A founder writes in all freaked out because someone is now holding on to way more equity than they deserve. It could be a cofounder, an early investor, or even a rank-and-file early employee.
The question to me is always: How do I claw that equity back?
And the answer I give is always: You don’t. Not without a fight.
Let’s avoid this scenario altogether, and talk about properly valuing your stake in your startup.
First rule: Equity value means nothing until the startup exits
The dividing line between a successful startup exit and an unsuccessful exit comes down to the value of the equity you’re holding onto at the end, not at the beginning.
Some of my more successful startup exits, financially speaking anyway, were actually on the smaller side in terms of the sale price of the company. This was because I owned much more of the company when it sold. In one case, I owned 100 percent.

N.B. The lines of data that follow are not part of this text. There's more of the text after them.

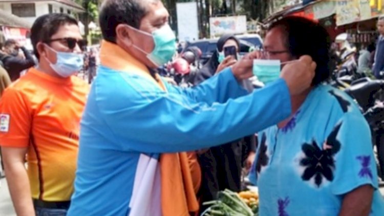 Karo-Sumut,Redaksidaerah.com,.. Kurangnya kesadaran para pelaku wisata mematuhi protokol kesehatan di sekitar lokasi wisata Taman Mejuah- juah Berastagi Kabupaten Karo Sumatera Utara, sempat membuat kecewa Bupati Karo Terkelin Brahmana, SH, MH. Kekecewaan Bupati Karo ini terlihat saat memonitoring pembagian masker serta meninjau langsung aktivitas pariwisata dalam persiapan menuju New Normal, bersama Ketua DPRD Karo Iriani Tarigan dan didampingi Kadis Pariwisata Kab.Karo Munarta Ginting di Berastagi Kab. Karo, Minggu 19Juli 2020.
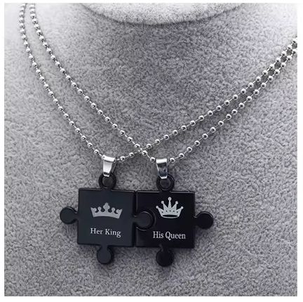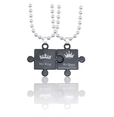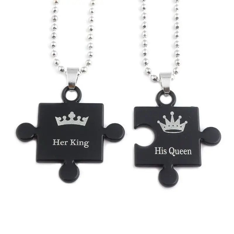 Парные подвески для влюбленных пазлы с надписью His Queen Her King черные кулоны в форме пазлов
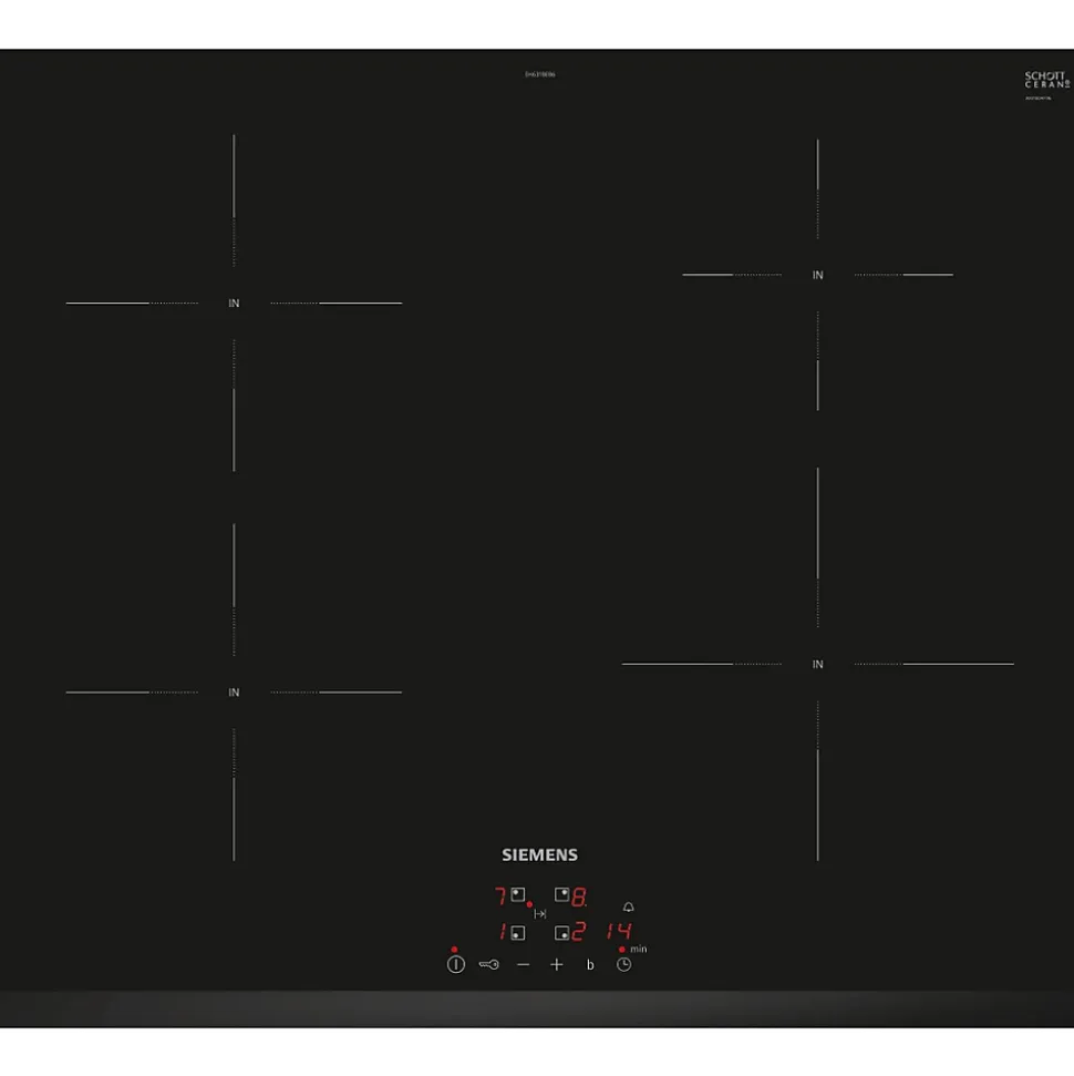 Table de cuisson à induction 60cm 4 foyers 7400w noir Siemens – Table de cuisson iQ100 EH631BEB6E de SIEMENS à induction, une technologie innovante qui diminue vos temps de cuisson, vous facilite le nettoyage et vous offre plus de sécurité. La sécurité enfants bloque toutes les fonctions, prévenant un allumage accidentel. Minuterie avec coupure automatique : la zone de cuisson se coupe automatiquement lorsque le temps de cuisson est écoulé. Fonction powerBoost : jusqu’à 50 % de puissance en plus sur une zone à induction. Le bandeau touchControl permet de contrôler très précisément chacune des quatre zones de cuisson. – Type de produit : Table de cuisson à induction.Gamme : iQ100.Type de plaque : Induction.Type d’encastrement : A recouvrement plan de travail.Energie : Electricité.Hotte intégrée : Non.Nbre foyer(s) : 4.Touche(s) sensitive(s) : Oui.Type de commande(s) : Bandeau TouchControl.Position des commandes : Frontale.Zone de cuisson modulable (flex) : Non.Foyer le + puissant (W) : 2 200.Foyer le + puissant avec booster (W) : 3 700.Matière de la surface : Vitrocéramique.Type de cadre : Sans cadre.Bord(s) biseauté(s) : Oui (avant).Connecté : Non.Nbre de positions de cuisson : 17.Booster(s) : Oui.Minuterie : Oui.Autre(s) fonction(s) : QuickStop, QuickStart, Restart.Témoin(s) de chaleur résiduelle : Oui.Verrouillage des commandes / Sécurité enfant : Oui.Anti-surchauffe : Oui.Autre(s) sécurité(s) : Interrupteur principal.Puissance de raccordement (W) : 7400.Tension (V) : 220-240.Fréquence (Hz) : 50/60.Longueur du cordon (m) : 1.1.Finition / Nuance : Verre.Couleur : Noir.Dimensions (cm) : 5.1 x 59.2 x 52.2.Encastrement H x L x P (cm) : 5.1 x 56 x 49-50.Poids (kg) : 11.9.
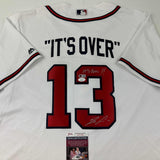 Autographed/Signed Ronald Acuna Jr. It's Over Majestic Atlanta Braves White Baseball Jersey JSA COA
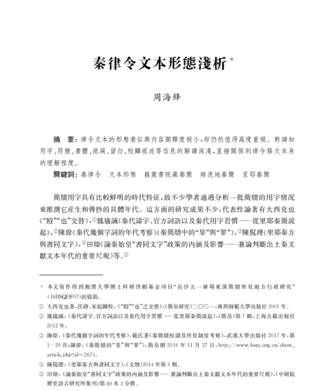 绿帽社 中国古典文献学专业教师周海锋博士的论文《秦律令文本形态浅析》刊发于CSSCI集刊《简帛》第23辑(2021年11月)。
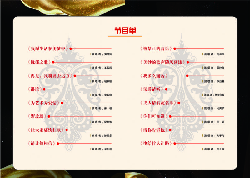 本场音乐会由本科16名学生精彩演唱了经典的歌剧咏叹调及艺术歌曲作品。音乐会精心选取了歌剧《塞维利亚的理发师》《唐璜》《费加罗的婚礼》《罗密欧与朱丽叶》《托斯卡》《西部女郎》《蝙蝠》中的精彩唱段,美妙的旋律令人不禁想起歌剧中的动人故事,感受歌剧带来的艺术享受。经典的意大利、德国、法国艺术歌曲,让学生体会到了西方古典音乐的魅力。

It is an amazing feeling to bootstrap a company to exit and not have had to give up so much as a splinter of it. It’s the exact opposite of that awful feeling when your company sells for an insane amount of money and you’ve optioned and diluted your way to only hanging on to a few of those splinters.
As you might imagine, the latter scenario kept playing out for me earlier in my career, until I learned how to value equity and options properly.
Let’s learn from my mistakes.
Early on, there are two extremes of perceived company value
During the early days of a startup, there’s the notion that equity options in the company are worth less than the paper they’re (no longer) printed on. This leads early stage founders to err by handing out wads of options like play money.